Rapamycin inhibits transplant vasculopathy in long-surviving rat heart allografts.
MedLine Citation:
PMID:  7570985     Owner:  NLM     Status:  MEDLINE    
We have examined the effects of rapamycin (RPM) on transplant vasculopathy in long-surviving F344 rat heart allografts transplanted heterotopically into Lewis recipients. RPM was administered intraperitoneally for the first 14 days in groups 1 and 2 (0.5 and 2 mg/kg/day), and daily throughout the follow-up period in groups 3 (0.5 mg/kg/day) and 4 (5 mg/kg for 14 days, followed by a maintenance dose of 2.5 mg/kg/day). Treatment with low dose cyclosporine (CsA; 1.5 mg/kg/day) in combination with RPM (0.5 mg/kg/day for 14 days) (group 5) and immunosuppression with CsA only (5 mg/kg for 14 days, followed by 1.5 mg/kg/day) (group 6) were also examined.
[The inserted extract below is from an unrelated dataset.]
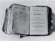 The first bilingual renderings of religious texts are those by Étienne de Flacourt,[20] who also published the first dictionary of the language.[21] Radama I, the first literate representative of the Merina monarchy, though extensively versed in the Arabico-Malagasy tradition,[22] opted in 1823 for a Latin system derived by David Jones and invited the Protestant London Missionary Society to establish schools and churches. The first book to be printed in Malagasy using Latin characters was the Bible, which was translated into Malagasy in 1835 by British Protestant missionaries working in the highlands area of Madagascar.[23]

F344 isograft recipients treated with RPM (0.5 mg/kg/day for 14 days) (group 7), those that were untreated (group 8), and hearts in naive F344 animals (group 9) served as controls. Grafts of group 1 were removed at 50, 75, 100, 150, and 200 days and infiltrating cell populations and surface molecules were compared with those of the other groups at 100 days. All allografts in treated hosts functioned > 100 days; in contrast, grafts in untreated recipients were rejected acutely by 8 +/- 1 days (MST +/- SD). The incidence of transplant vasculopathy in group 1 increased progressively (MST +/- SD = 10 +/- 2%, 59 +/- 7%, 85 +/- 15%, and 80 +/- 12% at 50, 100, 150, and 200 days, respectively), as manifested by myointimal proliferation with dense mononuclear infiltration (predominantly ED1+ macrophages). Numbers of MHC class II+ infiltrating cells were prominent, as was expression of adhesion molecules and cytokines. The incidence of graft disease and extent of cellular infiltration at 100 days was significantly lower in animals receiving increased maintenance doses of RPM (for groups 2, 3, and 4: 25 +/- 15%, 22 +/- 11%, and 10 +/- 3%, respectively; P < 0.005). CsA treatment either in combination with RPM or alone (groups 5 and 6) failed to improve transplant vasculopathy, but reduced mononuclear cell infiltration. Isografts (groups 7 and 8) and naive hearts (group 9) developed no structural abnormalities throughout the follow-up period, regardless of RPM treatment. We conclude that the extent of transplant vasculopathy can be reduced markedly in this rat cardiac transplant model with maintenance RPM. Addition of CsA modifies the morphological picture but does not improve myointimal proliferation.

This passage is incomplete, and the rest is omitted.